14. Die Iberische Halbinsel.

Unter allen Mittelmeerhalbinseln ist die Iberische durch die größte Ausdehnung der Olivenzucht ausgezeichnet, mehr noch infolge ihres Charakters als Tafelland von mäßiger Höbe, als durch ihre südliche Lage. Es sind dort nicht nur die Randlandschaften mit Olivenhainen bedeckt, sondern auch die inneren bis zum Kastilischen Scheidegebirge, da das Tafelland von Neukastilien bei einer mittleren Höhe von 750 m in seinen heißen, trockenen Sommern, wenn auch zum Teil in oasenartigen Pflanzungen, am Nordrande im Schutze des Gebirges den klimatischen Anforderungen des Ölbaums genügt.
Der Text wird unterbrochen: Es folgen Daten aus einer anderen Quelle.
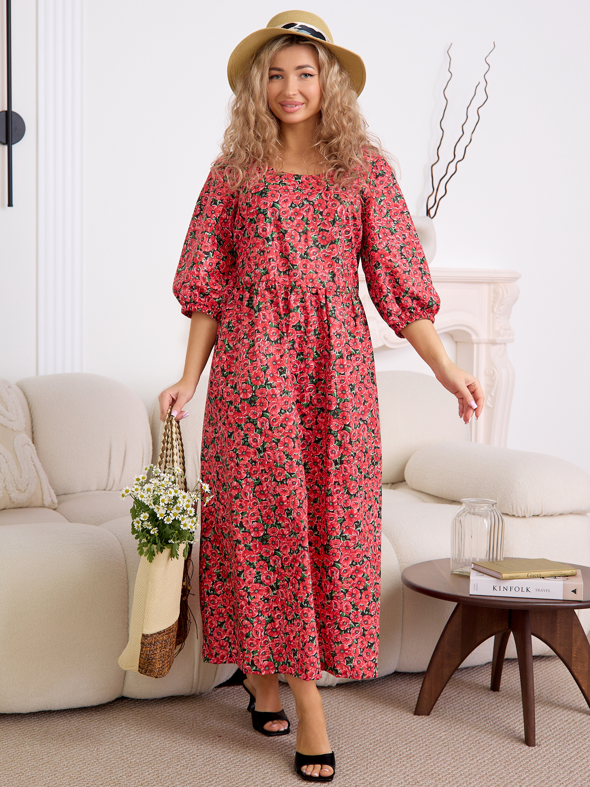Рукав 3/4 с резинкой внизу — практичная и стильная деталь, которая завершает образ в духе «платья-крестьянки».

Sehr bezeichnend ist in dieser Hinsicht, daß Olivenzucht am ganzen sommerlich feuchten und vorwiegend mitteleuropäischen Pflanzenwuchs aufweisenden Nordrande fehlt, am Westrande, im ozeanischen Klima, die Polargrenze derselben weniger weit nach Norden ausgreift, als im Innern, im heißen, trockenen, aber wegen der geringen Meereshöhe im Winter nicht zu kalten Ebrobecken.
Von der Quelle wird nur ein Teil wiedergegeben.